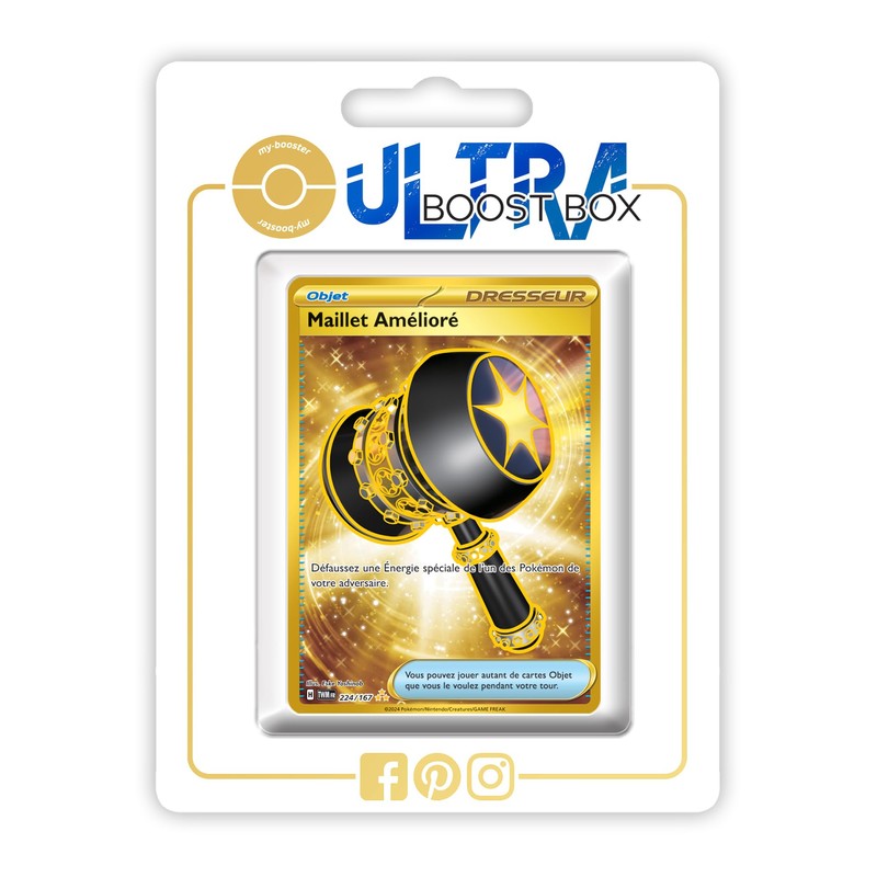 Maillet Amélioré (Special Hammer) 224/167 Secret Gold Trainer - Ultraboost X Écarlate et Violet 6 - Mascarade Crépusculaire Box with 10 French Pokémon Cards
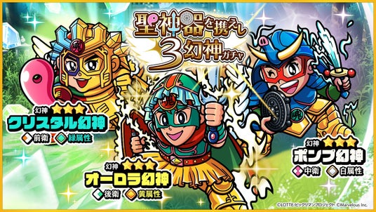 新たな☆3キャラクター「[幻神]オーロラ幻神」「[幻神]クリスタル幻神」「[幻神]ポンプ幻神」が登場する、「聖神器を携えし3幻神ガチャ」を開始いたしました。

* * *

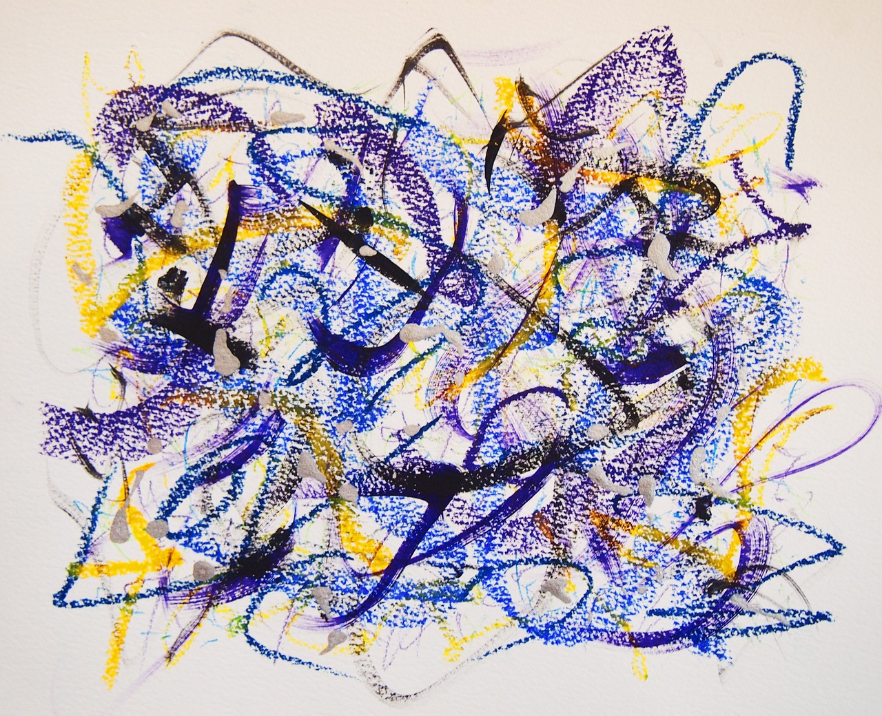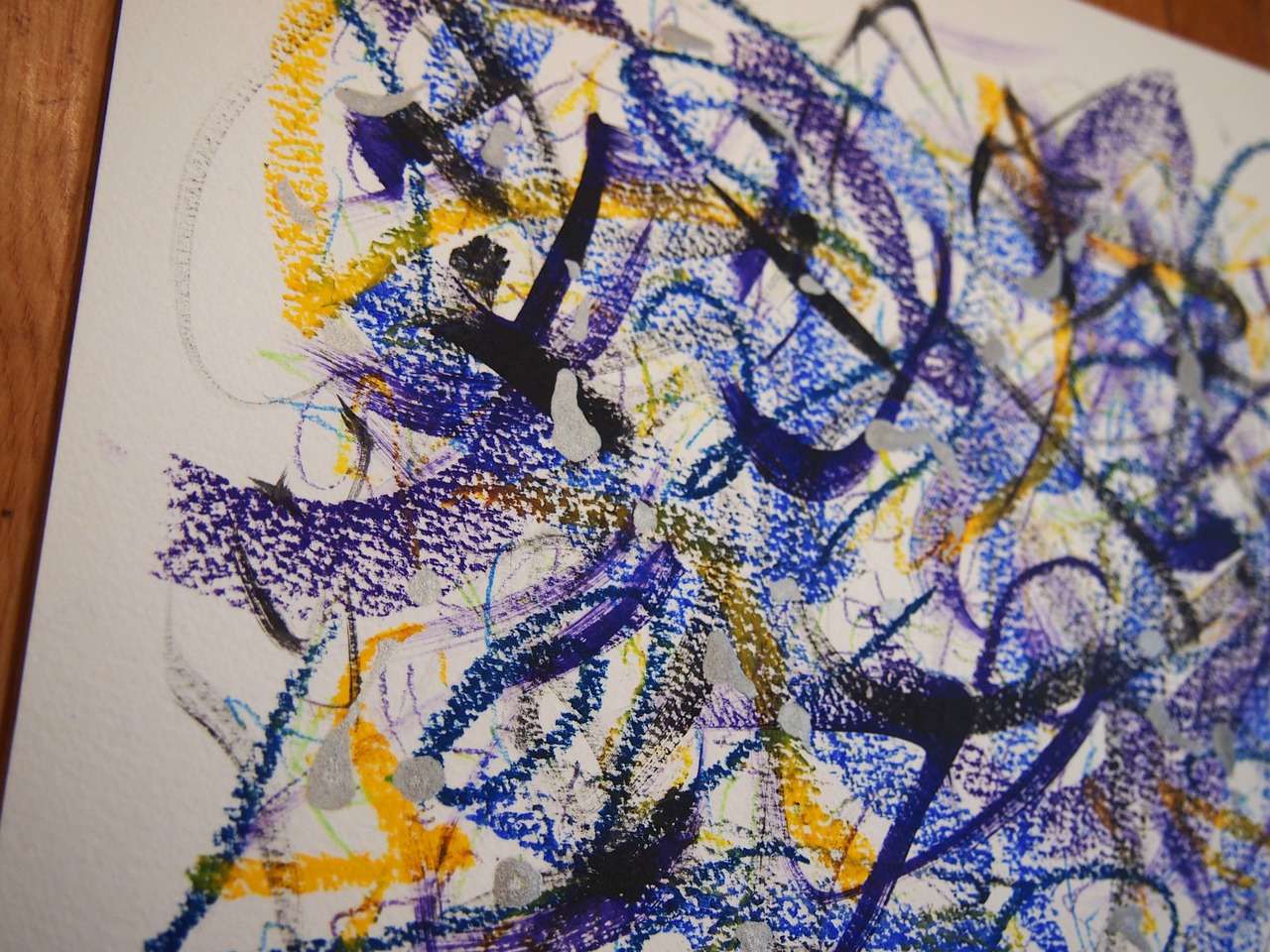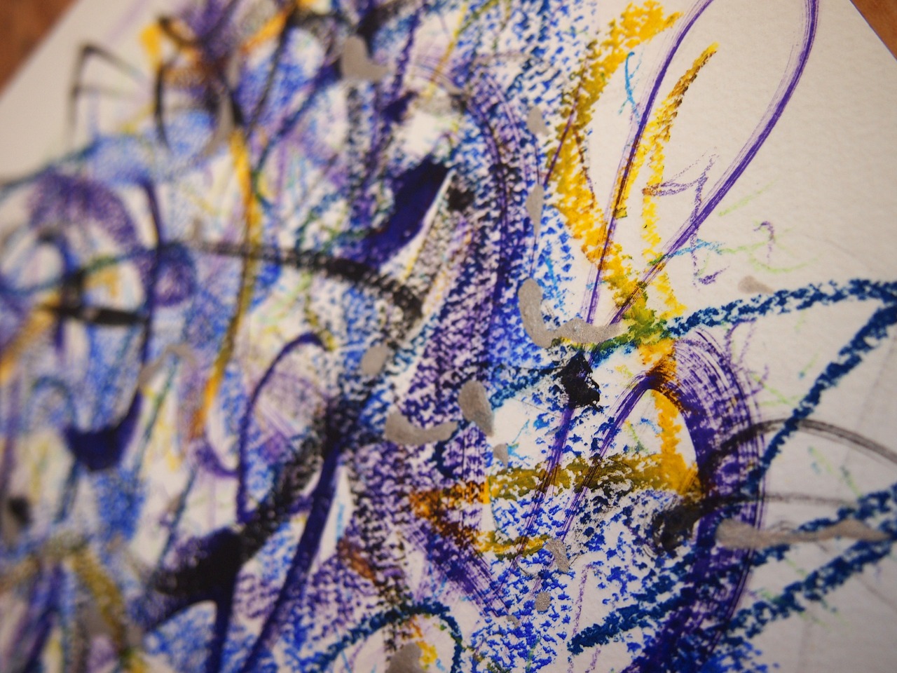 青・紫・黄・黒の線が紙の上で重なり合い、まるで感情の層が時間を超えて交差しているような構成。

- **WORK ORDER**
Copy nothing but the lines above from the one with "Maillet Amélioré (Special" to the one with "新たな☆3キャラクター「[幻", inclusive, word for word. Leave every picture out.

- **OUTPUT FOR THIS TASK**
 Maillet Amélioré (Special Hammer) 224/167 Secret Gold Trainer - Ultraboost X Écarlate et Violet 6 - Mascarade Crépusculaire Box with 10 French Pokémon Cards
 新たな☆3キャラクター「[幻神]オーロラ幻神」「[幻神]クリスタル幻神」「[幻神]ポンプ幻神」が登場する、「聖神器を携えし3幻神ガチャ」を開始いたしました。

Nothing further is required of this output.